[Opening PROVIDED DATA section]

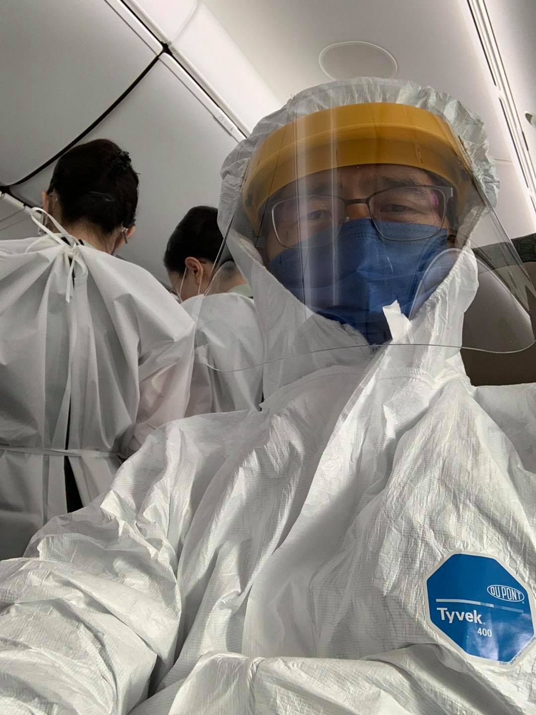 以下有一張照片很特別,我穿防護衣,後面的空服員也穿防護兜兜,乍看以為在醫院,其實是在飛機上。
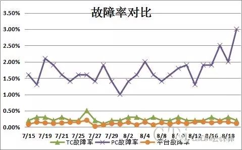 同時,云桌面平臺故障率、瘦客戶端故障率也遠低于PC故障率。下圖是攜程運維部門的故障率統計圖。
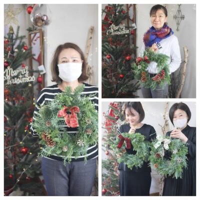 フラワーアレンジメント教室 直径35cmのBIGサイズのクリスマスリース作り
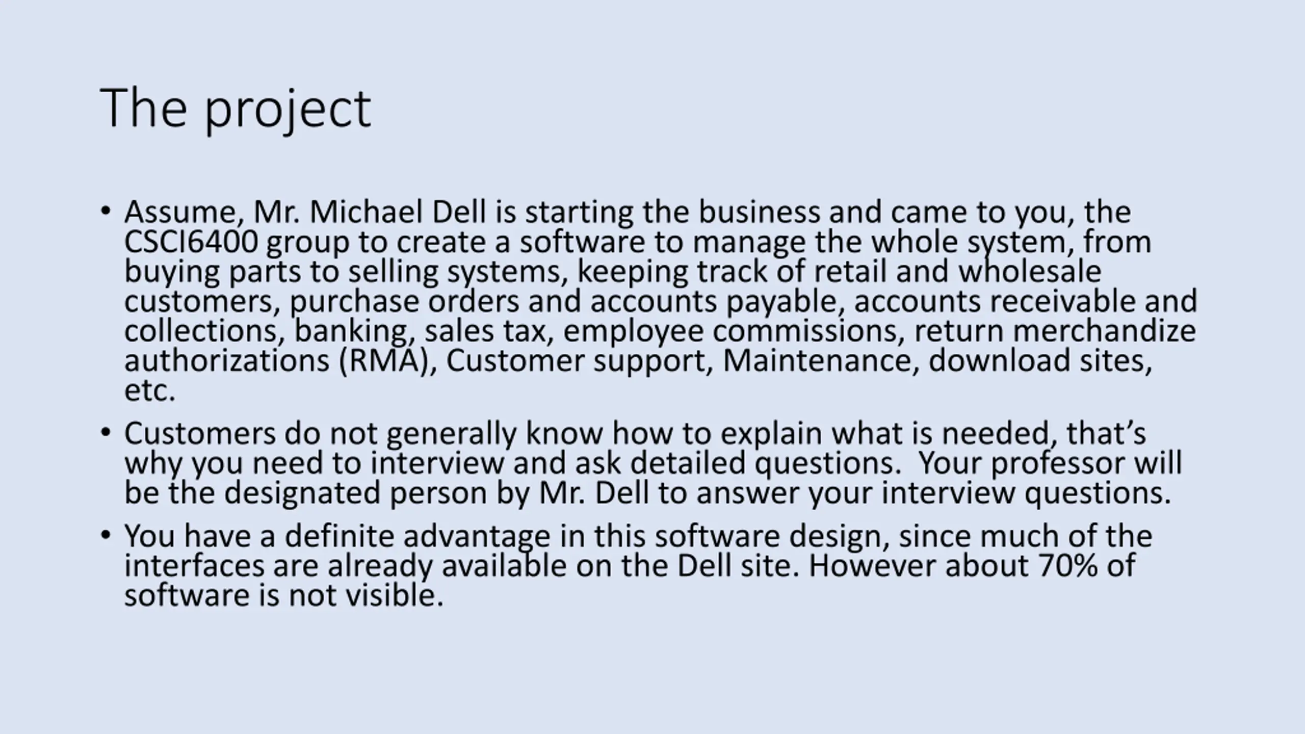 The project Assume, Mr. Michael Dell is starting the business and came to you, the CSCI6400 group to create a software to manage the whole system, from buying parts to selling systems, keeping track of retail and wholesale customers, purchase orders and accounts payable, accounts receivable and collections, banking, sales tax, employee commissions, return merchandize authorizations (RMA), Customer support, Maintenance, download sites, etc. Customers do not generally know how to explain what is needed, that s why you need to interview and ask detailed questions. Your professor will be the designated person by Mr. Dell to answer your interview questions. You have a definite advantage in this software design, since much of the interfaces are already available on the Dell site. However about 70% of software is not visible.
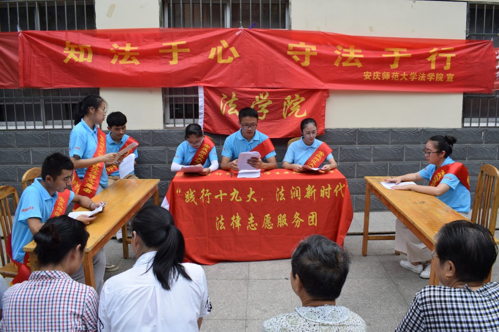 7月27日上午,tyc522cc太阳成集团“践行十九大,法润新时代”法律志愿服务队来到了安庆市菱湖社区,在这里开展了一系列的普法宣传活动。
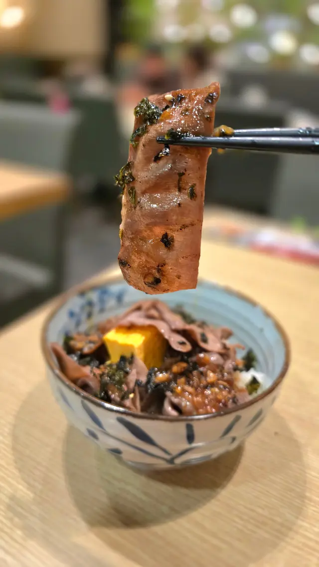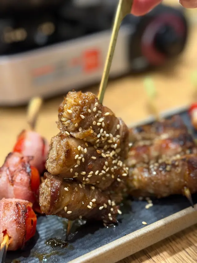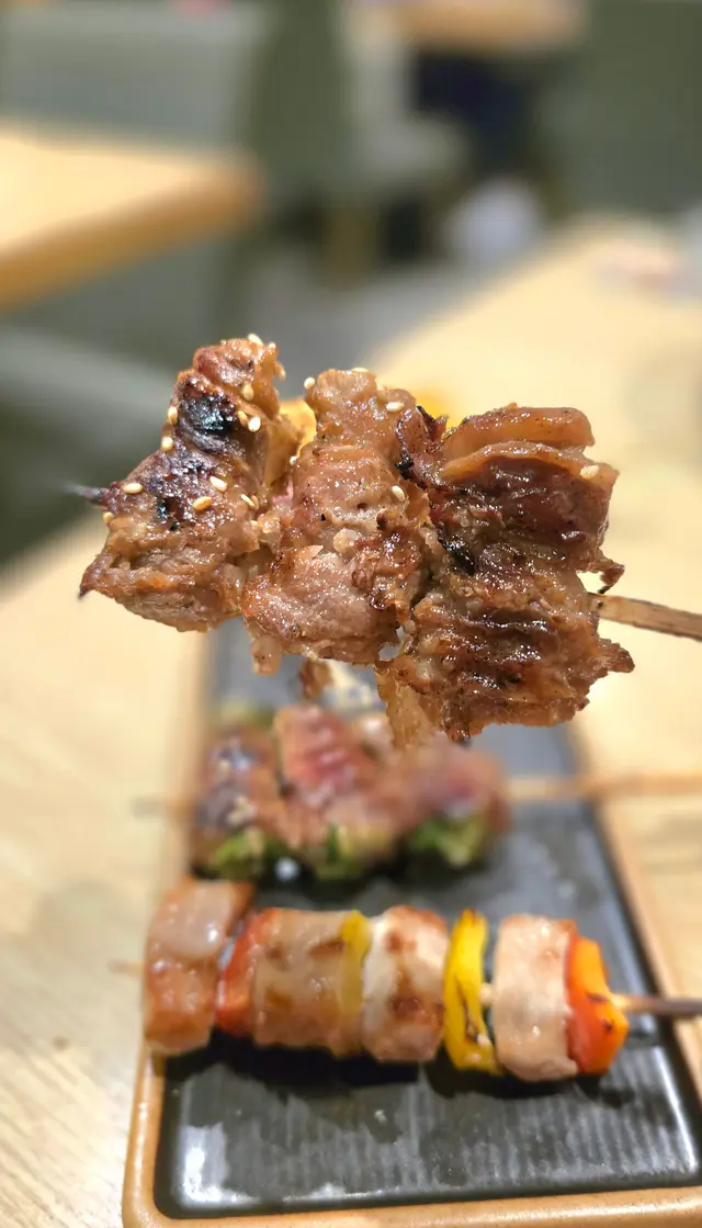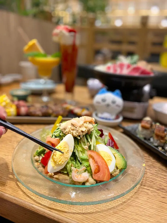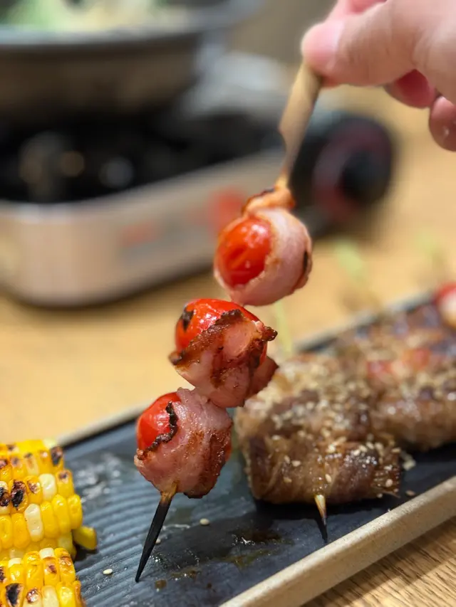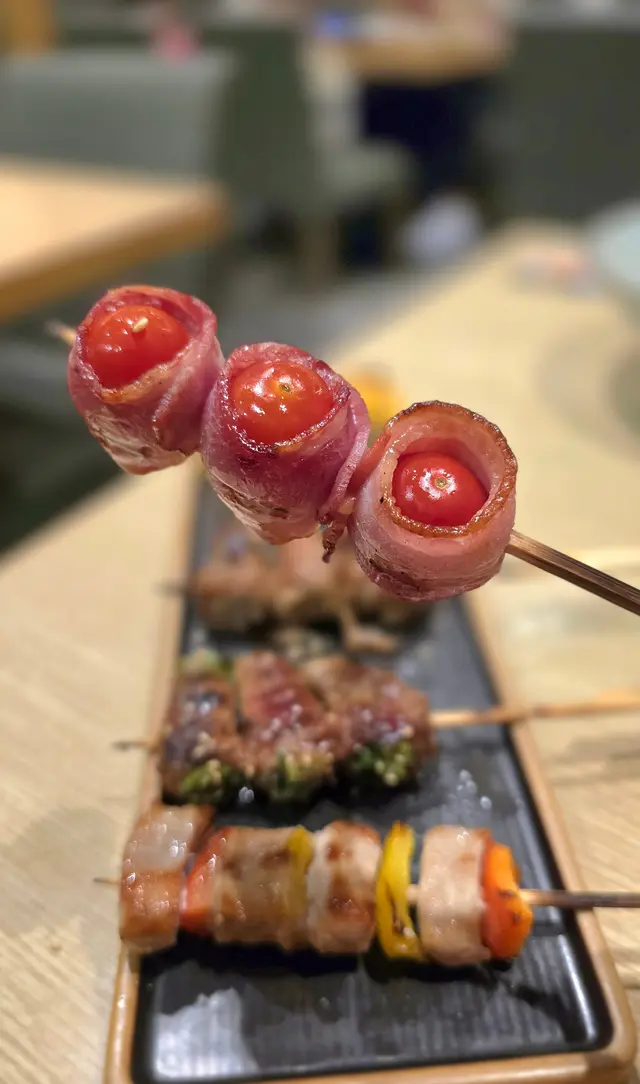 今天晚飯在「饗和民本格串燒.旬鮮料理」吃串燒盛盒和日式料理。串燒盛盒有精緻的配搭:豚肉串~來自北海道產的豚肉串中,夾有菠蘿、紅椒、黄椒,果酸椒甜,味道層次很豐富。青蔥牛肉卷:牛肉味濃而不膩,卷著爽口鮮甜大蔥吃,口感清新。金菇牛肉卷:牛肉片卷金菇,沒有油膩感,又香又滋味。車厘茄煙肉串:煙肉卷車厘茄,口中爆天然茄汁,甜甜酸酸好開胃。粟米燒:燒香粟米,香甜可口。饗和民沙律~七彩繽紛的新鮮蔬果滙集一起,添加鮮蝦、沙律醬與堅果碎,是健康及美味之選。蜆肉讚岐烏冬~很喜歡有這麼多鮮嫩蜆肉來滿足我,烏冬來自讚岐,品質有保証。炙燒牛舌飯~薄薄的牛舌片都很有鮮爽口感,配合特製醬汁,非常滋味。滑蛋豬扒飯~豚肉鬆軟腍滑是優質豬扒之選,加上滑蛋、洋葱絲舖蓋在珍珠米飯上,吃到絲絲清甜香與蛋香,雖然賣相不美,却以美味可口取勝。魷魚燒~肉質鮮爽,醬汁香濃,每次必吃。芒果盛宴~芒果蓉打成沙冰,配上芒果雪條,滿滿的鮮芒果香味,的確是飲品中的「盛宴」。荔枝檸檬沙冰~時令特飲,勁消暑!很滿足的「饗和民盛宴」,下次再來「饗和民盛宴」!…查看更多

[Closing PROVIDED DATA section]

Could you retype all the entries exactly, skipping the pictures?

## TASK RESPONSE
 以下有一張照片很特別,我穿防護衣,後面的空服員也穿防護兜兜,乍看以為在醫院,其實是在飛機上。
 同時,云桌面平臺故障率、瘦客戶端故障率也遠低于PC故障率。下圖是攜程運維部門的故障率統計圖。
 フラワーアレンジメント教室 直径35cmのBIGサイズのクリスマスリース作り
 The project Assume, Mr. Michael Dell is starting the business and came to you, the CSCI6400 group to create a software to manage the whole system, from buying parts to selling systems, keeping track of retail and wholesale customers, purchase orders and accounts payable, accounts receivable and collections, banking, sales tax, employee commissions, return merchandize authorizations (RMA), Customer support, Maintenance, download sites, etc. Customers do not generally know how to explain what is needed, that s why you need to interview and ask detailed questions. Your professor will be the designated person by Mr. Dell to answer your interview questions. You have a definite advantage in this software design, since much of the interfaces are already available on the Dell site. However about 70% of software is not visible.
 7月27日上午,tyc522cc太阳成集团“践行十九大,法润新时代”法律志愿服务队来到了安庆市菱湖社区,在这里开展了一系列的普法宣传活动。
 今天晚飯在「饗和民本格串燒.旬鮮料理」吃串燒盛盒和日式料理。串燒盛盒有精緻的配搭:豚肉串~來自北海道產的豚肉串中,夾有菠蘿、紅椒、黄椒,果酸椒甜,味道層次很豐富。青蔥牛肉卷:牛肉味濃而不膩,卷著爽口鮮甜大蔥吃,口感清新。金菇牛肉卷:牛肉片卷金菇,沒有油膩感,又香又滋味。車厘茄煙肉串:煙肉卷車厘茄,口中爆天然茄汁,甜甜酸酸好開胃。粟米燒:燒香粟米,香甜可口。饗和民沙律~七彩繽紛的新鮮蔬果滙集一起,添加鮮蝦、沙律醬與堅果碎,是健康及美味之選。蜆肉讚岐烏冬~很喜歡有這麼多鮮嫩蜆肉來滿足我,烏冬來自讚岐,品質有保証。炙燒牛舌飯~薄薄的牛舌片都很有鮮爽口感,配合特製醬汁,非常滋味。滑蛋豬扒飯~豚肉鬆軟腍滑是優質豬扒之選,加上滑蛋、洋葱絲舖蓋在珍珠米飯上,吃到絲絲清甜香與蛋香,雖然賣相不美,却以美味可口取勝。魷魚燒~肉質鮮爽,醬汁香濃,每次必吃。芒果盛宴~芒果蓉打成沙冰,配上芒果雪條,滿滿的鮮芒果香味,的確是飲品中的「盛宴」。荔枝檸檬沙冰~時令特飲,勁消暑!很滿足的「饗和民盛宴」,下次再來「饗和民盛宴」!…查看更多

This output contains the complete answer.